AutoXGB
XGBoost + Optuna: no brainer
- auto train xgboost directly from CSV files
- auto tune xgboost using optuna
- auto serve best xgboot model using fastapi
NOTE: PRs are currently not accepted. If there are issues/problems, please create an issue.
Installation
Install using pip
pip install autoxgb
Usage
Training a model using AutoXGB is a piece of cake. All you need is some tabular data.
Parameters
train_filename = "data_samples/binary_classification.csv"
output = "output"
test_filename = None
task = None
idx = None
targets = ["income"]
features = None
categorical_features = None
use_gpu = True
num_folds = 5
seed = 42
num_trials = 100
time_limit = 360
fast = False
Python API
To train a new model, you can run:
from autoxgb import AutoXGB
train_filename = "data_samples/binary_classification.csv"
output = "output"
test_filename = None
task = None
idx = None
targets = ["income"]
features = None
categorical_features = None
use_gpu = True
num_folds = 5
seed = 42
num_trials = 100
time_limit = 360
fast = False
axgb = AutoXGB(
train_filename=train_filename,
output=output,
test_filename=test_filename,
task=task,
idx=idx,
targets=targets,
features=features,
categorical_features=categorical_features,
use_gpu=use_gpu,
num_folds=num_folds,
seed=seed,
num_trials=num_trials,
time_limit=time_limit,
fast=fast,
)
axgb.train()
CLI
Train the model using the autoxgb train
command. The parameters are same as above.
autoxgb train \
--train_filename datasets/30train.csv \
--output outputs/30days \
--test_filename datasets/30test.csv \
--use_gpu
You can also serve the trained model using the autoxgb serve
command.
autoxgb serve --model_path outputs/mll --host 0.0.0.0 --debug
To know more about a command, run:
`autoxgb <command> --help`
autoxgb train --help
usage: autoxgb <command> [<args>] train [-h] --train_filename TRAIN_FILENAME [--test_filename TEST_FILENAME] --output
OUTPUT [--task {classification,regression}] [--idx IDX] [--targets TARGETS]

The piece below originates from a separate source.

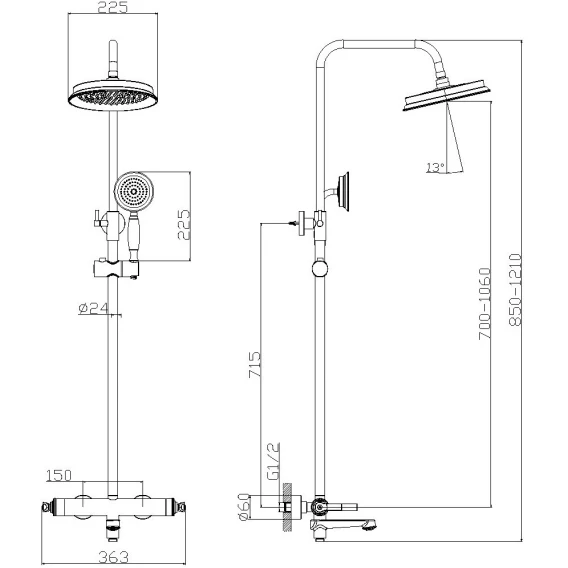 Аэратор, Металлическая розетка, Эксцентрики, Душевой шланг, Душевая лейка, Держатель для душевой лейки, Верхний душ, Смеситель, Кронштейн, Штанга душевая

[--num_folds NUM_FOLDS] [--features FEATURES] [--use_gpu] [--fast]
[--seed SEED] [--time_limit TIME_LIMIT]
optional arguments:
-h, --help show this help message and exit
--train_filename TRAIN_FILENAME
Path to training file
--test_filename TEST_FILENAME
Path to test file
--output OUTPUT Path to output directory
--task {classification,regression}
User defined task type
--idx IDX ID column
--targets TARGETS Target column(s). If there are multiple targets, separate by ';'
--num_folds NUM_FOLDS
Number of folds to use
--features FEATURES Features to use, separated by ';'
--use_gpu Whether to use GPU for training
--fast Whether to use fast mode for tuning params. Only one fold will be used if fast mode is set
--seed SEED Random seed
--time_limit TIME_LIMIT
Time limit for optimization